### Direct Preference Optimization (DPO)

Direct Preference Optimziation is an approach to improve the alignment of a language model. Current approaches for training large language models utilize an intial step of unsupervised training on a large corpus of data. This results in a model that generates language most likely to follows some prompt given the data that the model is trained on. When we want out language model to be used as a chat bot or code assistant, this oftentimes produces undesirable text. High quality conversations or coding examples may be rare in our training corpus, thus rare in our model's output.

To address this, we can utilize a dataset containing three columns: a prompt, a chosen output, and a rejected output.

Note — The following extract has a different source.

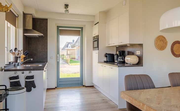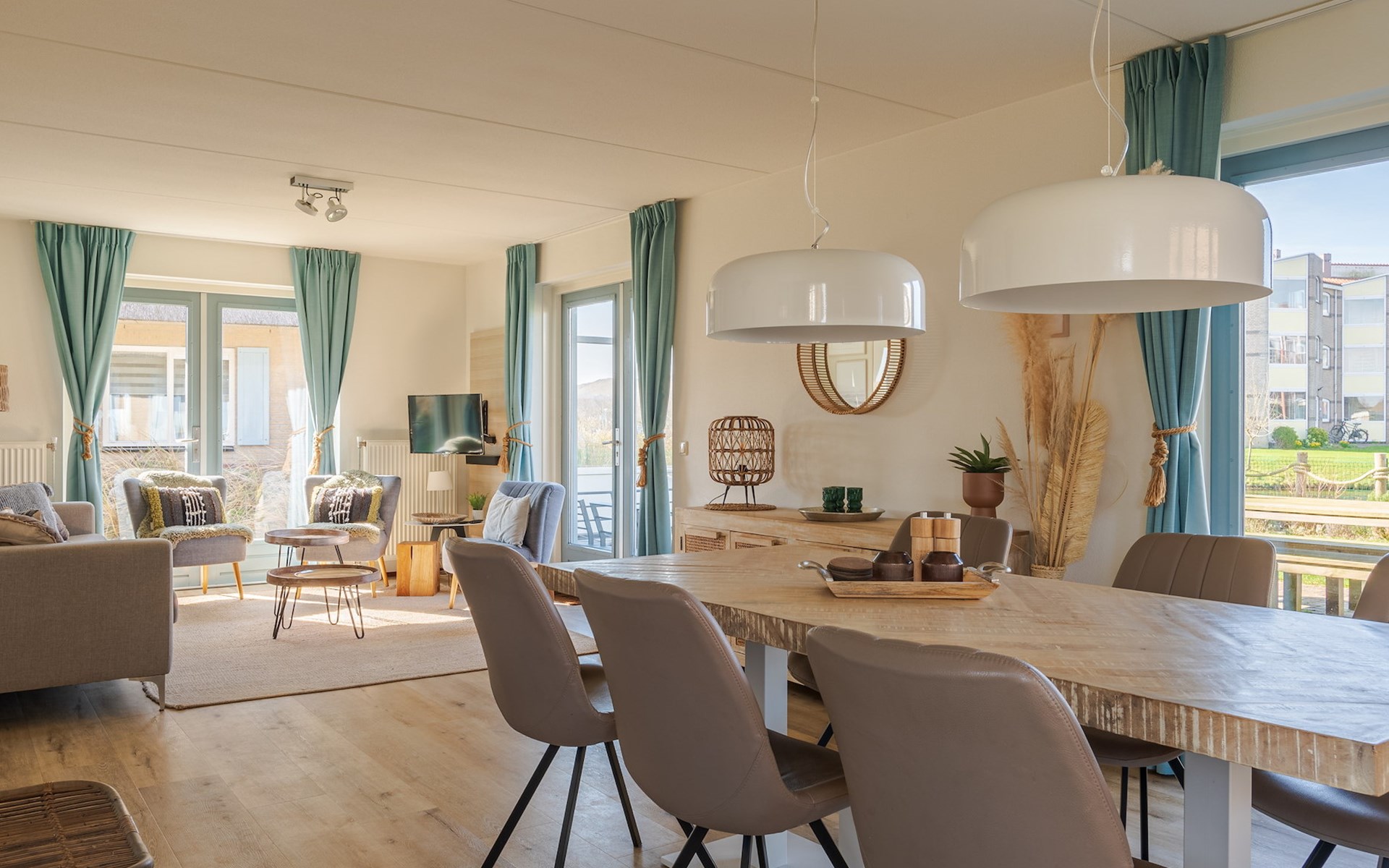 De sfeervolle woonkamer beschikt over een zithoek met een smart-tv. De open keuken is van alle gemakken voorzien met onder andere een combi-oven, filter koffiezetapparaat, Senseo apparaat, vaatwasser en een koelkast met vriesvak. Naast de open keuken bevindt zich de eethoek.

It is an alternative to reinforcement learning from human feedback (RLHF).

In [None]:
from transformers import AutoModelForCausalLM, AutoTokenizer, BitsAndBytesConfig, TrainingArguments, DataCollatorForLanguageModeling
from trl import DPOTrainer
import torch
from torch.utils.data import DataLoader
from datasets import load_dataset
from peft import LoraConfig, get_peft_model
from transformers import DataCollatorForLanguageModeling

# note: to get bitsandbytes to work on windows, uninstall bitsandbytes and reinstall with
# pip install https://github.com/jllllll/bitsandbytes-windows-webui/releases/download/wheels/bitsandbytes-0.41.1-py3-none-win_amd64.whl

In [2]:
def process_hh_rlhf_sample(sample):
    """
    sample is a dictionary with keys 'chosen' and 'rejected'.
    Extract the prompt and the two completions from the sample.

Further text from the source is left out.